Soon the person who looked like a leader came out and told us pleasantly that there was no problem with this, but he hoped we could print out an electronic insurance policy on A4 paper and stick it to the upper right corner of the car!
Isn't this a joke? If I print out such a big piece of paper and stick it to the glass, can I still see the road? Moreover, it would be strange if he was not the first to be checked by the traffic police again. Isn’t this because there is no silver in this place?
Unfortunately, after all this trouble, it was already completely dark, and I didn't want to continue to be entangled like this, so I agreed with him.
Later, when we came to Xinjiang for the second time, we were stopped because we didn't have an insurance sign. We just told the traffic police verbally about the situation, and the traffic police let us pass before we even took out the printed electronic insurance policy. It seems that it will take some time for the central government’s policies to reach Xinjiang!

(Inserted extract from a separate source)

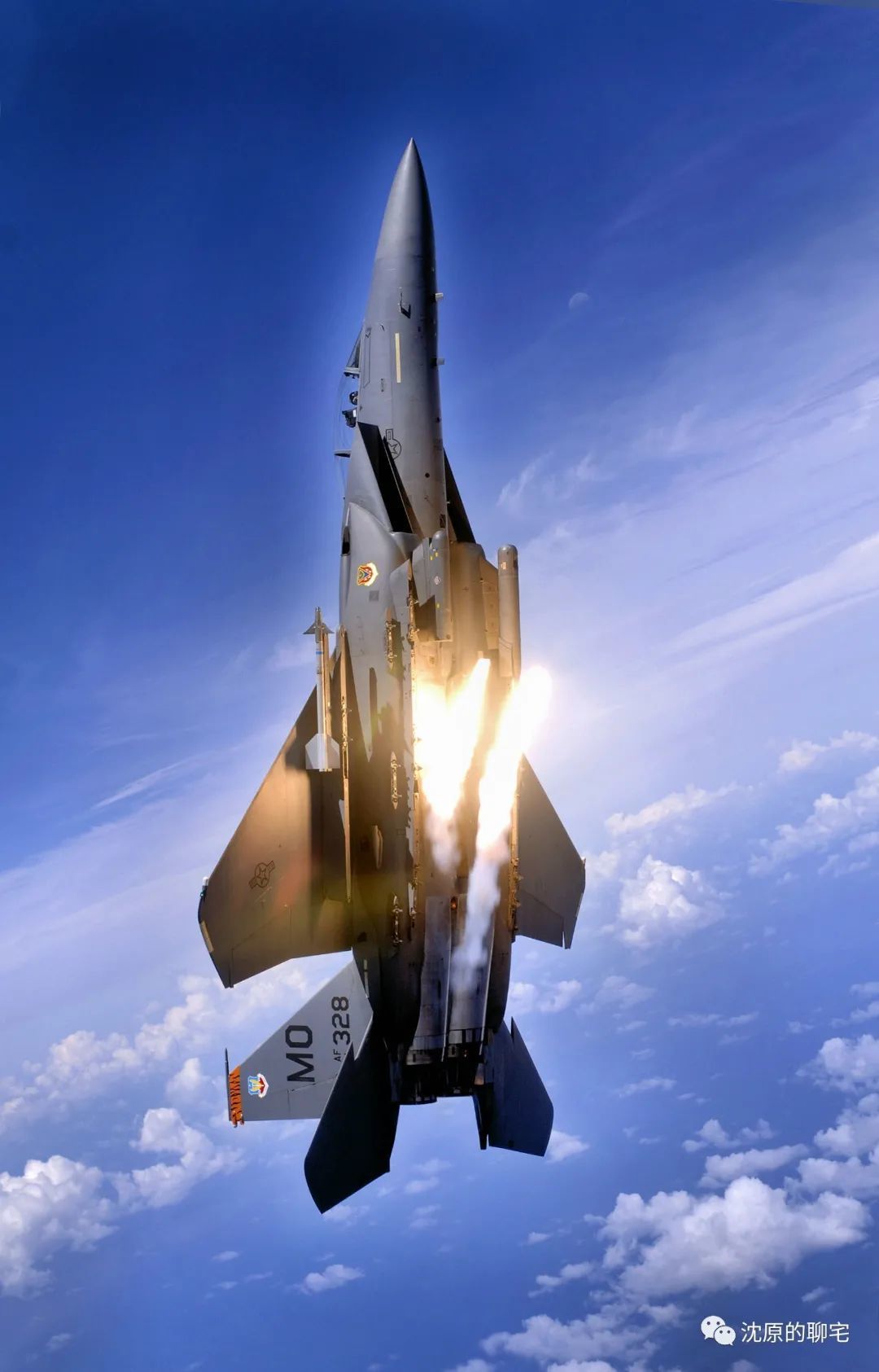 F-15战斗机进气道下方左侧的一个投放器投放红外干扰弹

My husband’s eyes have astigmatism and he can’t see the road clearly when driving at night. I had to find a hotel and look at the road. I was really busy at that time. Finally, I asked my husband to park on the side of the road and I went to look at rooms in a hotel that looked pretty good. Not long after entering the hotel, my husband called me and asked me to hurry up. He said that a special police officer warned him not to park on the roadside and asked me to leave immediately.
Fortunately, we are outsiders and don't understand the rules here, so we are asked to quickly look at the room and leave the main road after confirming it.
Deciding on a room and driving the car in are also a test. The yard here is surrounded by iron fences and the entrance is very narrow. It was already past ten o'clock when we finally settled down.
That night, after washing up in the hotel, I went out to eat ramen. I felt very uncomfortable being stared at by the people at the ramen restaurant. I ate in a hurry and went back to rest.
On the 401st day on the road, we stayed overnight in Yecheng.